• Exercise material:

# # #

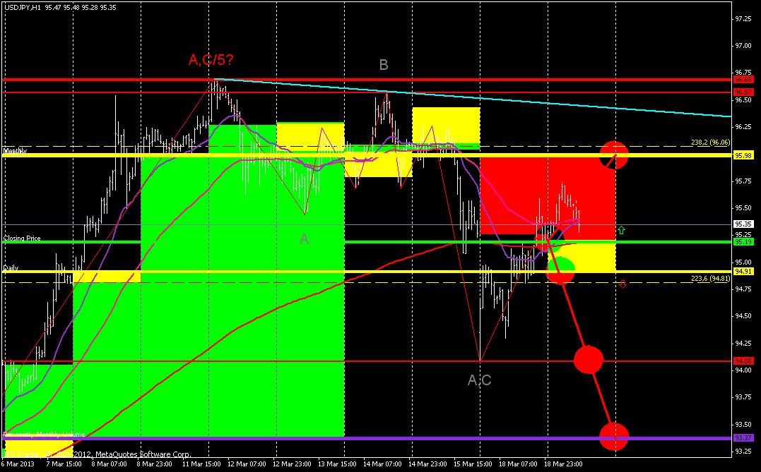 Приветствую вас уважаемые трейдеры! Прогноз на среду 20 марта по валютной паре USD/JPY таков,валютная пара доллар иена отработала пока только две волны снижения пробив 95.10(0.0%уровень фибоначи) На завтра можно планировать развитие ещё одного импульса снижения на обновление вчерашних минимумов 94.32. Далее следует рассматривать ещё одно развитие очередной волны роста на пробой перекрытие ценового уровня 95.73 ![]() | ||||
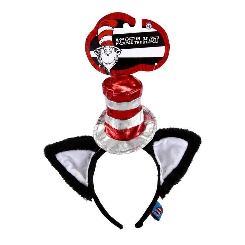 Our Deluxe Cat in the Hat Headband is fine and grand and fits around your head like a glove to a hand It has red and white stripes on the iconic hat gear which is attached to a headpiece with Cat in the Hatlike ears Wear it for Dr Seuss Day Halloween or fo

# # #

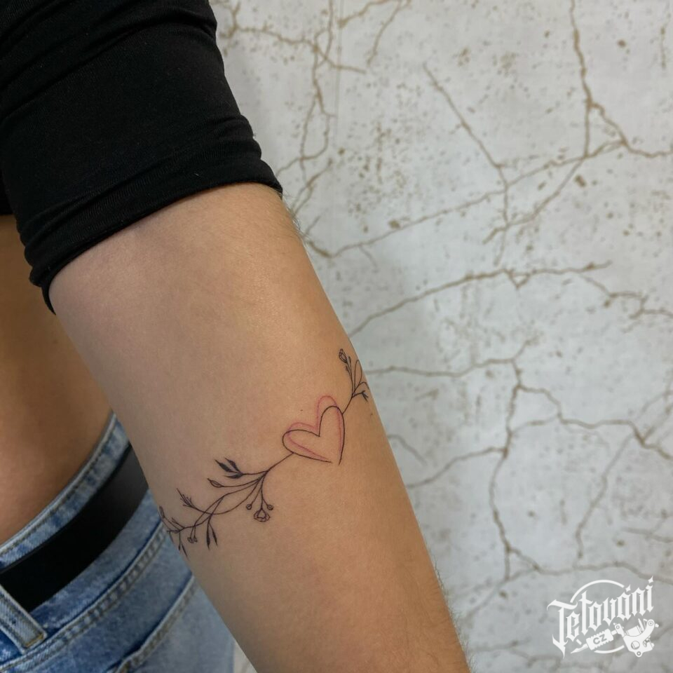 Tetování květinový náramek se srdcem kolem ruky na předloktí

# # #

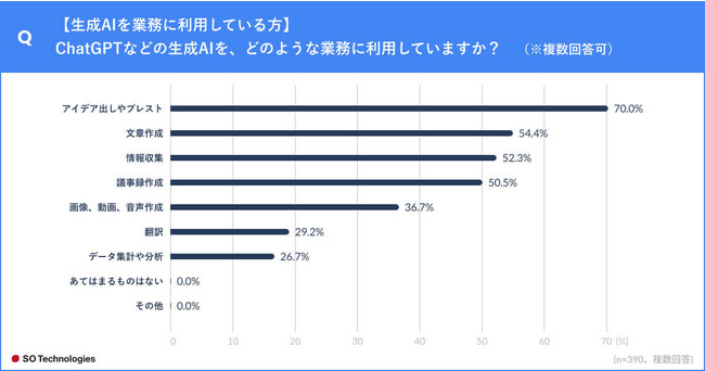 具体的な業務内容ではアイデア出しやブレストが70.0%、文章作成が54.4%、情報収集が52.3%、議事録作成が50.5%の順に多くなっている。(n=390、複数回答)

# # #

• Your instructions:
Leaving every picture aside, reproduce exactly the lines above from the one with "Приветствую вас уважаемые" up to and including the one with "Our Deluxe Cat", and no others.

• Completed exercise:
 Приветствую вас уважаемые трейдеры! Прогноз на среду 20 марта по валютной паре USD/JPY таков,валютная пара доллар иена отработала пока только две волны снижения пробив 95.10(0.0%уровень фибоначи) На завтра можно планировать развитие ещё одного импульса снижения на обновление вчерашних минимумов 94.32. Далее следует рассматривать ещё одно развитие очередной волны роста на пробой перекрытие ценового уровня 95.73 ![]() | ||||
 Our Deluxe Cat in the Hat Headband is fine and grand and fits around your head like a glove to a hand It has red and white stripes on the iconic hat gear which is attached to a headpiece with Cat in the Hatlike ears Wear it for Dr Seuss Day Halloween or fo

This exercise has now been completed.